# What kind of bit is this?



## 1fizgig (Feb 11, 2018)

Is it a dowel hole cutter?
I've just seen it as part of an auction and I have no idea.
Sorry the picture is really small - I can't zoom in any better because of the auction site and the way they do things.

I should add I checked out Carbitool's site but couldn't find the bit in their listing, nor the other regular place I'd buy bits from


----------



## 1fizgig (Feb 11, 2018)

May have answered my own question - is it a plug cutter?


----------



## jw2170 (Jan 24, 2008)

@1fizgig


Does it have a number on it, Steve?


----------



## 1fizgig (Feb 11, 2018)

jw2170 said:


> @1fizgig
> 
> 
> Does it have a number on it, Steve?


Hi James

Sorry I can't tell - if I could zoom in and see it clearly I'd tell you


----------



## Stick486 (Jan 4, 2013)

that might be a mortising bit


----------



## Cherryville Chuck (Sep 28, 2010)

Stick nailed it I think.
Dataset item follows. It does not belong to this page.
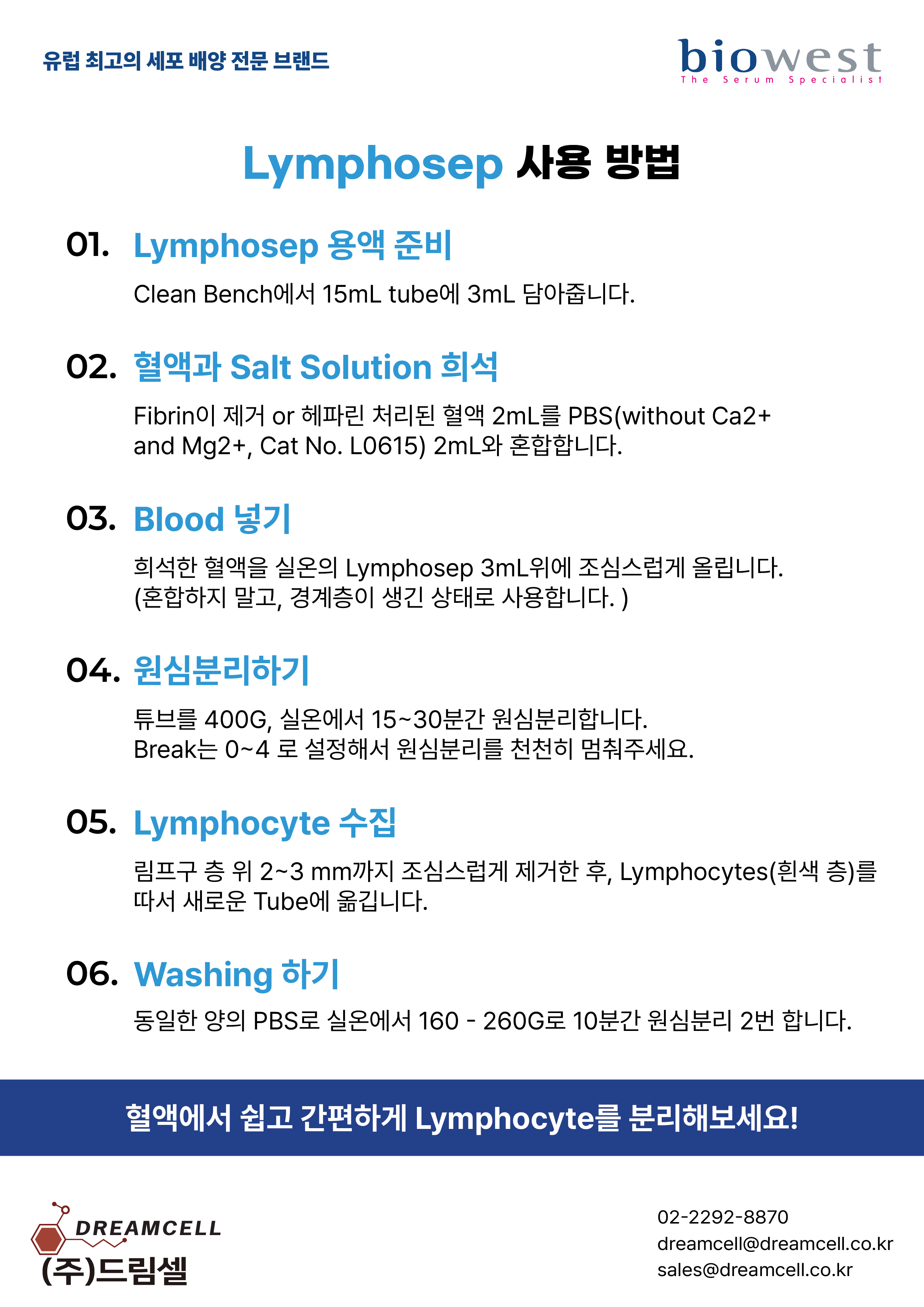 드림셀이 제안하는 Biowest Lymphosep 파격 할인 이벤트! 기존 Ficoll 대체 가능한 고품질 림프구 분리 시약(500mL x 6병)을 70만 원 특가에 만나보세요. 2026년 4월까지 한정 진행됩니다.

Picture isn’t very good but I have at least one old one like that.


----------



## JOAT (Apr 9, 2010)

I would say plug cutter.


----------



## DesertRatTom (Jul 3, 2012)

I also think it's a mortising bit. Really hard to see, but it looks like it has a bearing. Definitely not a plug cutter. Tried to blow it up, but it just pixilated.


----------



## 1fizgig (Feb 11, 2018)

It's interesting. I got a maybe slightly better picture, but that was trying to zoom i to the maximum Chrome would let me. It's still not great and I can't get any numbers or anything, but it does look like it only has two cutters unlike the plug cutters above.


----------



## Stoobydale (Oct 6, 2019)

Looks like a Plug Cutter to me. I have some myself, I would suggest that you only use it with a pillar drill.

Edit. Maybe not if it only has 2 edges, and it does say Router bit on the package. Mmmm.... Think we need a bigger picture.


----------



## JOAT (Apr 9, 2010)

Stoobydale said:


> Maybe not if it only has 2 edges, and it does say Router bit on the package. Mmmm.... Think we need a bigger picture.


And I have a plug cutter like this. I don't think it matters if it only has two edges.


----------



## 1fizgig (Feb 11, 2018)

Stoobydale said:


> Looks like a Plug Cutter to me. I have some myself, I would suggest that you only use it with a pillar drill.
> 
> Edit. Maybe not if it only has 2 edges, and it does say Router bit on the package. Mmmm.... Think we need a bigger picture.


Sadly that's as good a picture as I can get.

Either way, I don't own it, but if I win the auction I'll be able to provide more details


----------



## gdonham1 (Oct 31, 2011)

I think it is definitely a mortising bit. You use it to cut hinge mortises (shallow). Since it says "Router Bit" on the package it is not a plug cutter. A router to cut plugs would burn the plug up before you could extract it from the hole.


----------



## Semipro (Mar 22, 2013)

Definitely a mortising bit

Like Joat shows the difference plug cutters


----------



## Nickp (Dec 4, 2012)

@1fizgig


Plug cutters aren't typically used with a router...

Here's the link to the Carbitool item... https://www.carbitool.com.au/product/2-flute-hinge-mortise-bit-carbide-tipped/


----------



## neville9999 (Jul 22, 2010)

1fizgig said:


> May have answered my own question - is it a plug cutter?


I think so too, its a plug cutter. For some reason I cant get a close look at it as the image wont expand. N


----------



## pdennert (Dec 29, 2009)

Looks like a plug cutter.


----------



## radios (Sep 30, 2009)

Nickp said:


> @1fizgig
> 
> 
> Plug cutters aren't typically used with a router...
> ...


you've solved it!.


----------



## Cherryville Chuck (Sep 28, 2010)

All the plug cutters that look like that have 4 legs instead of two. At least all the ones I have or have seen.


----------



## mveach (Aug 21, 2010)

It's a motorising bit. It's made to plung cut then follow a pattern. I have used one for many years


----------



## Herb Stoops (Aug 28, 2012)

It is a hinge mortising bit used with a baseplate bushing, I have
used them hundreds of times mortising door butts.
HErb


----------